Set down all of the data exactly. Pictures stay out of the copy.

Data below →
----------------------------------------
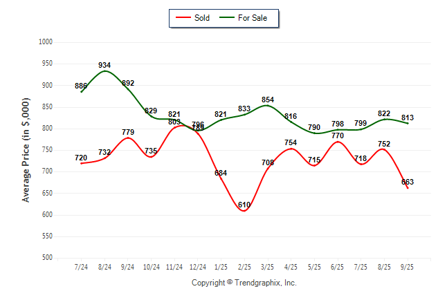 September 2025 Average For Sale Price was Neutral and Average Sold Price was Depreciating**
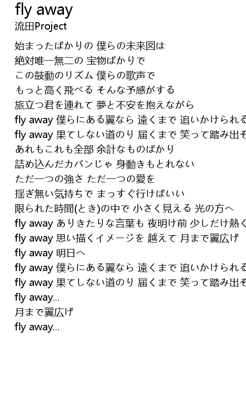 | fly away 僕らにある翼なら 遠くまで 追いかけられるはずさ | |
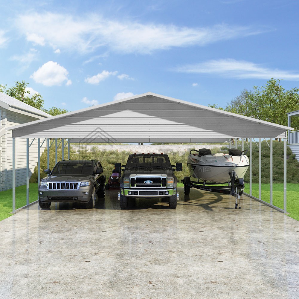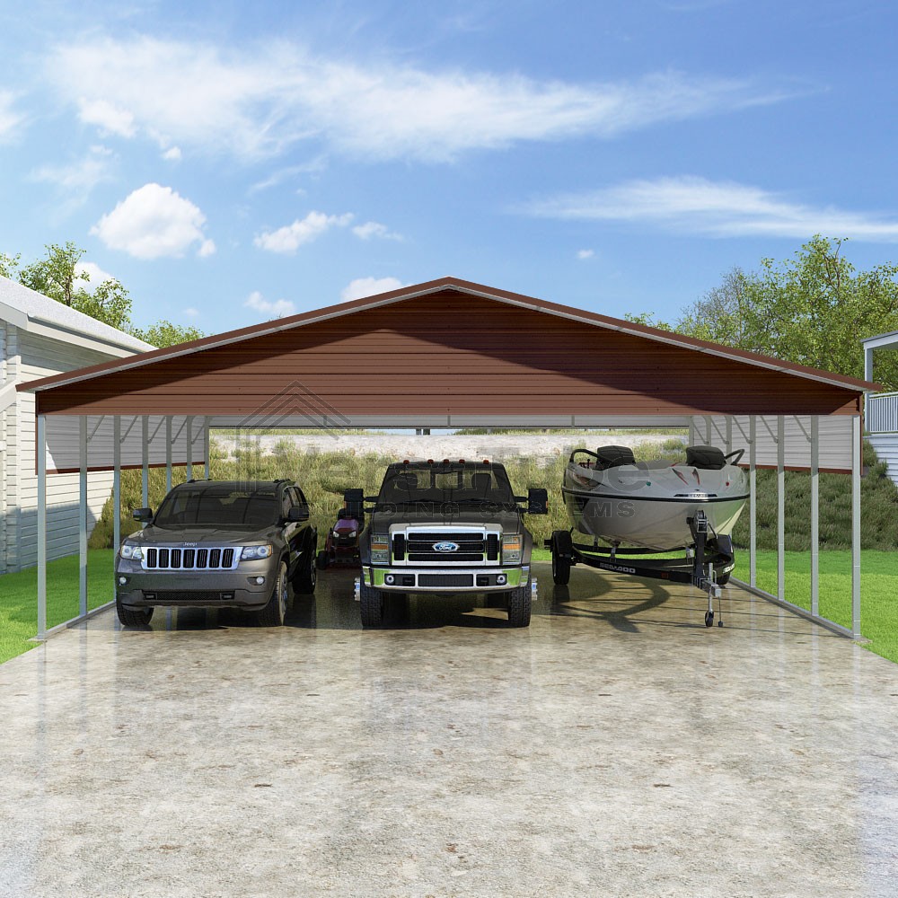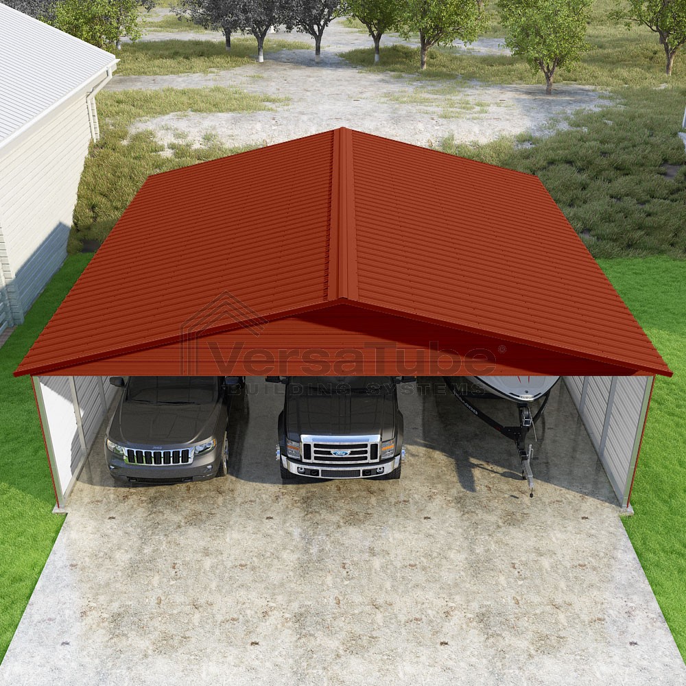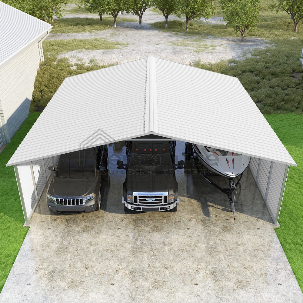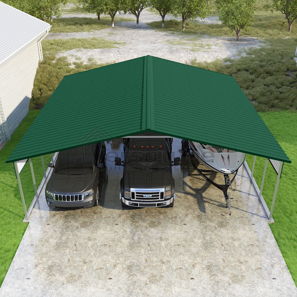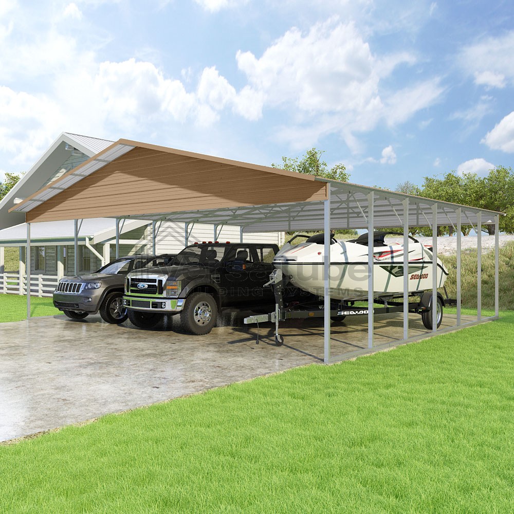 Pinnacle Series DIY carport kit features vertical sheet metal roof panels with ridge cap, gable and eave trim for an A-frame roof style and extended coverage on both ends.
----------------------------------------
Result of the task →
 September 2025 Average For Sale Price was Neutral and Average Sold Price was Depreciating**
 | fly away 僕らにある翼なら 遠くまで 追いかけられるはずさ | |
 Pinnacle Series DIY carport kit features vertical sheet metal roof panels with ridge cap, gable and eave trim for an A-frame roof style and extended coverage on both ends.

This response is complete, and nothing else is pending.